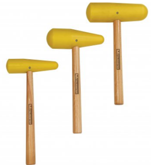
H896 Nylon Bossing Mallet Set - Tapered & Radius Ends
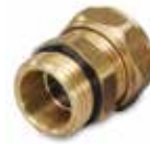
VDA100 External thread

ESBE draining valves for boilers, hot water tanks, pipes etc. Opens automatically when connecting a hose nipple.
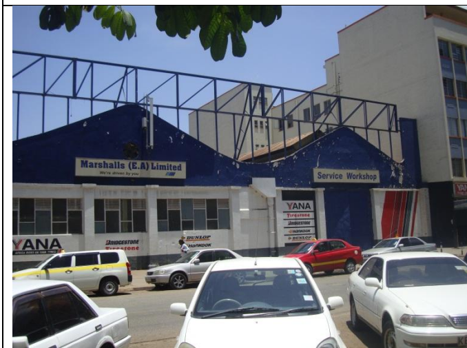
Marshalls Motor Workshops – the old colonial still remains intact, but for how long?
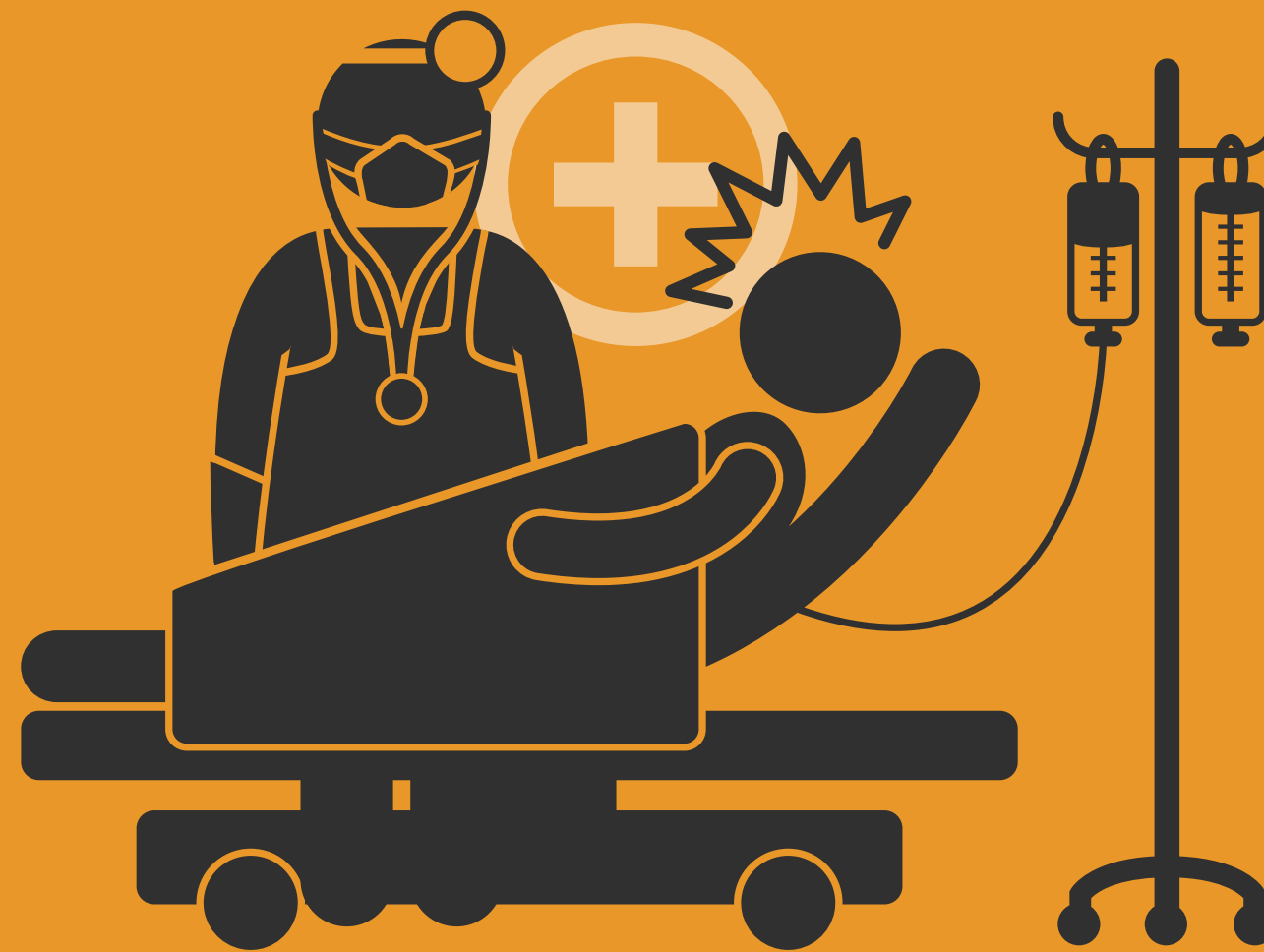
PATIENT INTERVIEW FOR CONTACTS
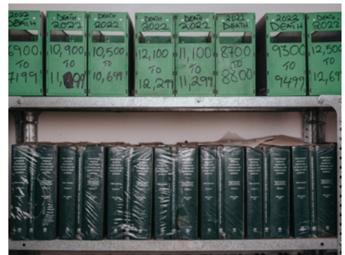
Department of National Registration, Passport, and Citizenship (DNRPC) in Lusaka, Zambia.

■ Work instructions: Counting both ends, reproduce word for word the lines from the line with "PATIENT INTERVIEW FOR CONTACTS" to the final line of the listing above, skipping every picture.

■ Task result:
PATIENT INTERVIEW FOR CONTACTS
Department of National Registration, Passport, and Citizenship (DNRPC) in Lusaka, Zambia.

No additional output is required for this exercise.